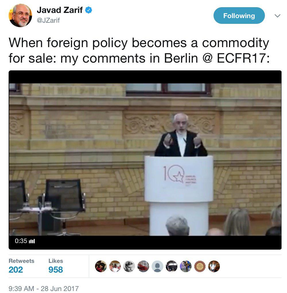 یه گزارش ایسنا، محمدجواد ظریف وزیر خارجه کشورمان در کنفرانس شورای روابط خارجی اروپا (2017) در سخنانی گفت: زمانی که سیاست خارجی به کالایی برای فروش تبدیل میشود در این صورت خرید تجهیزات نظامی معیار شما برای تشخیص تروریسم از غیر تروریسم تبدیل خواهد شد.
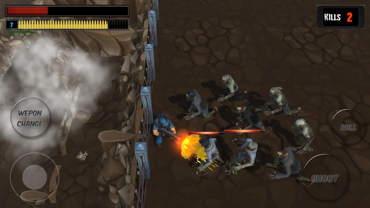Bewegen Sie Ihren Charakter mit einem Fingertipp, wechseln Sie Ihre Waffe, schießen oder rollen Sie. Machen Sie sich bereit für gruselige, gruselige Zombies an jeder Ecke, die bereit sind, Ihr Fleisch zu essen. Denken Sie einen Schritt voraus, um am Leben zu bleiben.
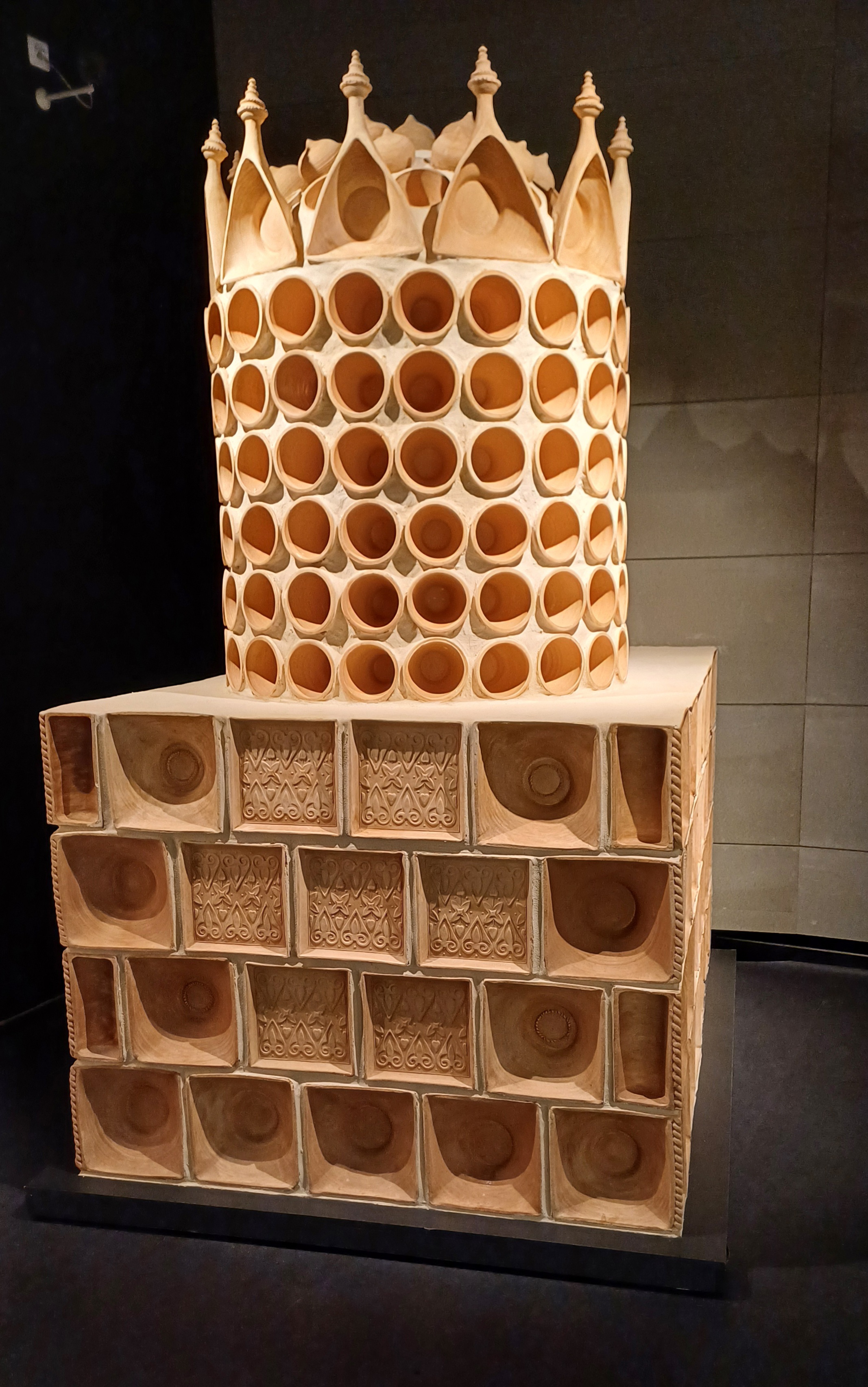 Replica of a 16th-century earthenware stove with decorative tiles from around Šenkvice.
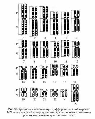 На метафазной хромосоме (рис. 59) приводятся символы, которыми принято обозначать короткое и длинное плечо, а также расположение районов и сегментов. В настоящее время существуют ДНК-маркеры или зонды, с помощью которых можно определить изменение определенного, даже очень маленького, сегмента в хромосомах (цитогенетические карты). На международном конгрессе генетики человека в Париже в 1971 г. (Парижская конференция по стандартизации и номенклатуре хромосом человека) была согласована система символов для более краткого и однозначного обозначения кариотипов.
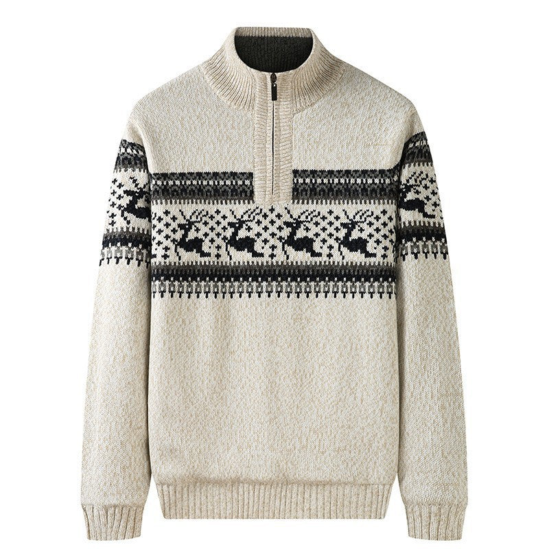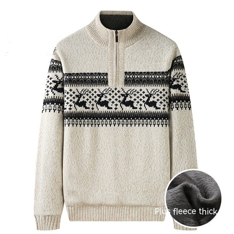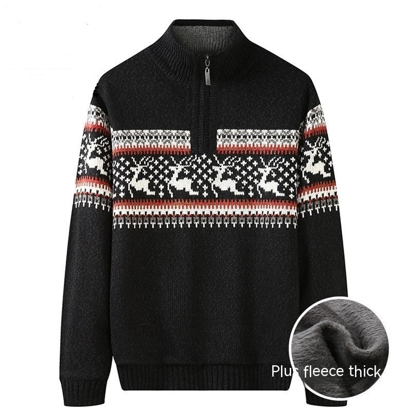 Thickening Fleece-lined Half-high Collar Knitted Sweater
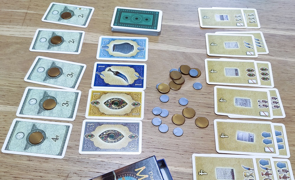 Очки дают монеты (3:1), карты коллекций и сами товары, но только, если в каждом цвете их больше, чем 1, иначе их придётся сбросить. В принципе, неглупый филлер. Если следить за соперниками, то можно что-то планировать, ведь деньги тут уходят очень быстро. Ну, и можно пакостить соперникам, быстро разбирая монеты и не давая им желанные товары. 6.5/10.
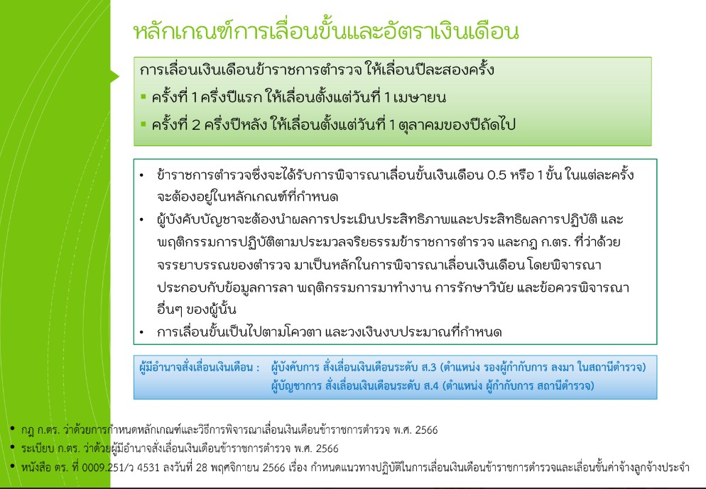 - แนวทางปฏิบัติการเลื่อนเงินเดือนข้าราชการตำรวจและเลื่อนขั้นค่าจ้างลูกจ้างประจำ ตามหนังสือ ตร.ที่ ๐๐๐๙.๒๕๑/ว ๔๕๓๑ ลง ๒๘ พ.ย.๒๕๖๖

+++

Every record above needs to be repeated exactly; pictures are to be left out.

> COMPLETED EXERCISE:
 یه گزارش ایسنا، محمدجواد ظریف وزیر خارجه کشورمان در کنفرانس شورای روابط خارجی اروپا (2017) در سخنانی گفت: زمانی که سیاست خارجی به کالایی برای فروش تبدیل میشود در این صورت خرید تجهیزات نظامی معیار شما برای تشخیص تروریسم از غیر تروریسم تبدیل خواهد شد.
Bewegen Sie Ihren Charakter mit einem Fingertipp, wechseln Sie Ihre Waffe, schießen oder rollen Sie. Machen Sie sich bereit für gruselige, gruselige Zombies an jeder Ecke, die bereit sind, Ihr Fleisch zu essen. Denken Sie einen Schritt voraus, um am Leben zu bleiben.
 Replica of a 16th-century earthenware stove with decorative tiles from around Šenkvice.
 На метафазной хромосоме (рис. 59) приводятся символы, которыми принято обозначать короткое и длинное плечо, а также расположение районов и сегментов. В настоящее время существуют ДНК-маркеры или зонды, с помощью которых можно определить изменение определенного, даже очень маленького, сегмента в хромосомах (цитогенетические карты). На международном конгрессе генетики человека в Париже в 1971 г. (Парижская конференция по стандартизации и номенклатуре хромосом человека) была согласована система символов для более краткого и однозначного обозначения кариотипов.
 Thickening Fleece-lined Half-high Collar Knitted Sweater
 Очки дают монеты (3:1), карты коллекций и сами товары, но только, если в каждом цвете их больше, чем 1, иначе их придётся сбросить. В принципе, неглупый филлер. Если следить за соперниками, то можно что-то планировать, ведь деньги тут уходят очень быстро. Ну, и можно пакостить соперникам, быстро разбирая монеты и не давая им желанные товары. 6.5/10.
 - แนวทางปฏิบัติการเลื่อนเงินเดือนข้าราชการตำรวจและเลื่อนขั้นค่าจ้างลูกจ้างประจำ ตามหนังสือ ตร.ที่ ๐๐๐๙.๒๕๑/ว ๔๕๓๑ ลง ๒๘ พ.ย.๒๕๖๖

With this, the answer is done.